Feature Request
NB: some aspects of this feature request affect multiple Pytroll packages. I've put this issue here because I think it affects trollflow2 the most. It's actually two feature requests, but they serve the same goal.
Is your feature request related to a problem? Please describe.
The way we produce images and deliver them to our client software is inefficient.
- In Pytroll, we wait until all parts of the input data are there (via geographic gatherer or segment gatherer), then send a message to trollflow2 to start processing. The images would be produced faster if we could start processing each segment as it comes in.
- In several parts of trollflow2, images are only finalised when all products have been produced. For example, if we use the file publisher plugin (or any other plugin that comes after
save_datasets), this is only called after save_datasets has completed. If we use a staging zone, all files are moved from the staging zone to the output directory only when all images have been produced. When we produce many images, there can be many minutes between the finalisation of the first and the last one. In this case, it would be beneficial to announce each image (or move it to the output directory) as soon as it is finished.
Both of those aspects cause a delay in the latency of our image production. This may become more critical with FCI due to the much larger image size compared to SEVIRI. It also means all our images are delivered to our client software at the same time, which leads to bottlenecks in the images being imported there, that would be avoided or at least reduced if the images were delivered one by one.
Describe the solution you'd like
I would like a solution that minimises the latency of image delivery to clients without sacrificing quality. How to do this is of secondary concern. Problem (1) is difficult to solve if we are doing any resampling. Problem (2) is in theory easier to solve, but may need significant changes in trollflow2. Instead of sequentially calling the plugins, it might need to call the filepublisher plugin many times in parallel, while communicating with the save_datasets plugin to know when each file is ready. Or the save datasets plugin would need to do the publishing itself (or moving the final files in case of using a staging zone or temporary files).
Describe any changes to existing user workflow
I think either problem should be solvable without breaking existing user workflow, although either problem is large enough that the amount of restructuring needed to solve them may lead to accidental breaking of backwards compatibility.
Additional context
For point (1), it would be possible to skip the segment gatherer and send each segment immediately to trollflow2, producing images in native projection, that are then at the end all read and resampled, before stored again, maybe. I think such a setup could be built without writing new code. For point (2), we could write directly to the final output directory, but because our file distribution software is external, it doesn't have a way to know when a file is finished (I think). This leads to the file distribution software copying files before they are finished, in particular for large files that take a while to produce.
Feature Request
NB: some aspects of this feature request affect multiple Pytroll packages. I've put this issue here because I think it affects trollflow2 the most. It's actually two feature requests, but they serve the same goal.
Is your feature request related to a problem? Please describe.
The way we produce images and deliver them to our client software is inefficient.

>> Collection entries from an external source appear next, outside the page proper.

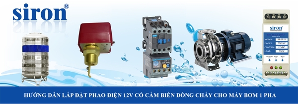 Tủ điện phao 12V điều khiển máy bơm nước 1 pha lắp cảm biến dòng chảy
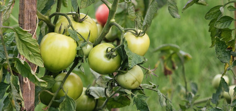 Growing of green tomatoes in the garden. Tied plant. Stages of vegetable ripening. Small harvest due to drought and poor soil. Ecological problem and hunger concept. Copy space. Close-up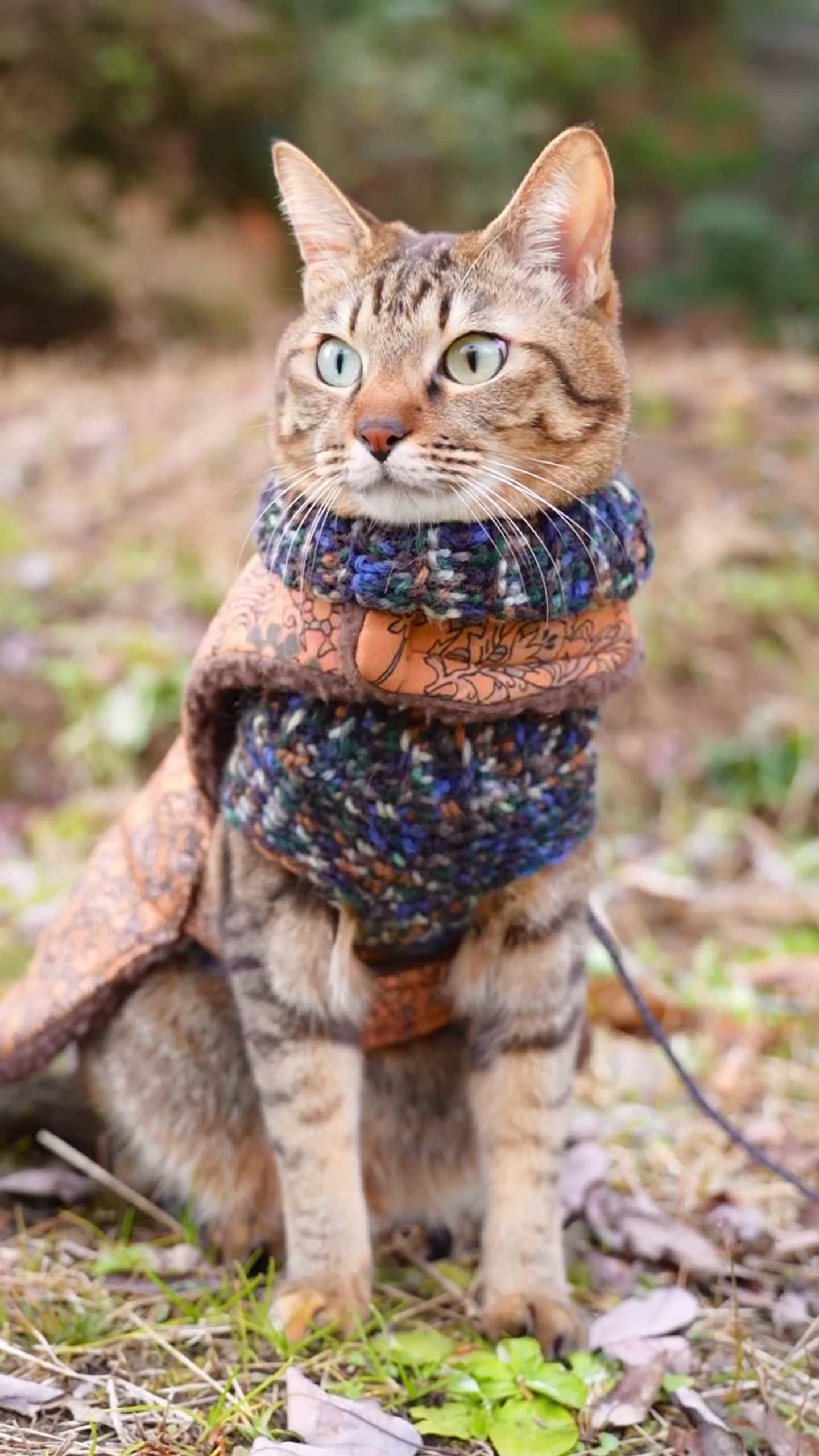 リードを着けての移動時や外出時などに、状況に合わせて着脱できる猫のためのコート。リードから手を離さずに脱ぎ着させたいというニーズからうまれました。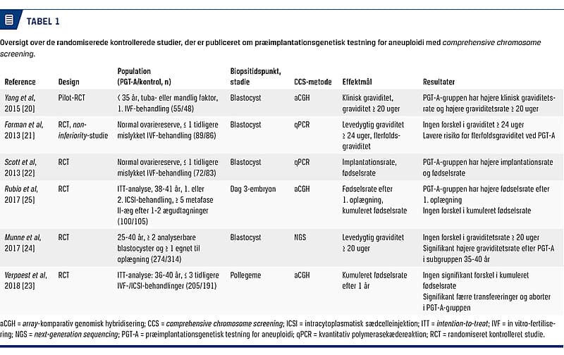 I Tabel 1 resumeres de randomiserede studier, der er publiceret om PGT-A med CCS. Fælles for de første tre studier [20-22] i tabellen er, at antallet af inkluderede patienter er relativt lille, og at patientpopulationerne er udvalgt ud fra en formodet god prognose (ung alder, normal ægreserve og/eller få tidligere mislykkede behandlinger). Resultaterne kan dermed ikke uden videre overføres til andre patientgrupper. Endvidere rapporteres og konkluderes der på resultaterne efter én oplægning af embryon(er). I ingen af studierne har man rapporteret om kumuleret fødselsrate, som er chancen for fødsel efter brug af alle embryonerne fra en ægudtagning, hvilket er det ultimative effektmål [26]. Gevinsten ved en PGT-A skal afvejes mod en behandlingsstrategi, hvor embryonerne successivt oplægges, og graviditet og fødsel er »testen« på embryonet. Frasortering af embryoner på baggrund af PGT-A vil i bedste fald (100% diagnostisk nøjagtighed og ingen skade på embryonerne) ende med den samme kumulerede fødselsrate som uden testen, men reducere antallet af behandlinger og aborter (efter oplægning af sandt aneuploide embryoner) og minimere tid til fødsel. Imod PGT-A taler, at der er en risiko for, at potentielt duelige embryoner frasorteres eller måske kan tage skade af biopsiproceduren. Popovic et al [27] fandt mosaicisme i knap 40% af de blastocyster, som blev undersøgt med NGS; endvidere fandtes der uoverensstemmelse imellem fire forskellige biopsier fra hver enkelt blastocyst. Den diagnostiske nøjagtighed blev skønnet til ca. 75%, og i 20,6% af de blastocyster, som havde normal indercellemasse, var der mindst en TE-biopsi, som viste kromosomal afvigelse, som kunne have bortdømt blastocysten.

save_datasets), this is only called aftersave_datasetshas completed. If we use a staging zone, all files are moved from the staging zone to the output directory only when all images have been produced. When we produce many images, there can be many minutes between the finalisation of the first and the last one. In this case, it would be beneficial to announce each image (or move it to the output directory) as soon as it is finished.Both of those aspects cause a delay in the latency of our image production. This may become more critical with FCI due to the much larger image size compared to SEVIRI. It also means all our images are delivered to our client software at the same time, which leads to bottlenecks in the images being imported there, that would be avoided or at least reduced if the images were delivered one by one.
Describe the solution you'd like
I would like a solution that minimises the latency of image delivery to clients without sacrificing quality. How to do this is of secondary concern. Problem (1) is difficult to solve if we are doing any resampling. Problem (2) is in theory easier to solve, but may need significant changes in trollflow2. Instead of sequentially calling the plugins, it might need to call the filepublisher plugin many times in parallel, while communicating with the save_datasets plugin to know when each file is ready. Or the save datasets plugin would need to do the publishing itself (or moving the final files in case of using a staging zone or temporary files).

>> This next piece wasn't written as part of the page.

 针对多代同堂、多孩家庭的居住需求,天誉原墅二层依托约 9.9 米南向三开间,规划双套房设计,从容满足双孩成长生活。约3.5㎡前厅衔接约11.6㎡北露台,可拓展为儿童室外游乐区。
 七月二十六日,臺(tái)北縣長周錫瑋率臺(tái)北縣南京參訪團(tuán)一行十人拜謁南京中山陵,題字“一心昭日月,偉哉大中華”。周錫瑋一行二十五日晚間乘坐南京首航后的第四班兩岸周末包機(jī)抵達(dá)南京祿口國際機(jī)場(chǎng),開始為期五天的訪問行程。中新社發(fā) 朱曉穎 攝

Describe any changes to existing user workflow
I think either problem should be solvable without breaking existing user workflow, although either problem is large enough that the amount of restructuring needed to solve them may lead to accidental breaking of backwards compatibility.
Additional context
For point (1), it would be possible to skip the segment gatherer and send each segment immediately to trollflow2, producing images in native projection, that are then at the end all read and resampled, before stored again, maybe. I think such a setup could be built without writing new code. For point (2), we could write directly to the final output directory, but because our file distribution software is external, it doesn't have a way to know when a file is finished (I think). This leads to the file distribution software copying files before they are finished, in particular for large files that take a while to produce.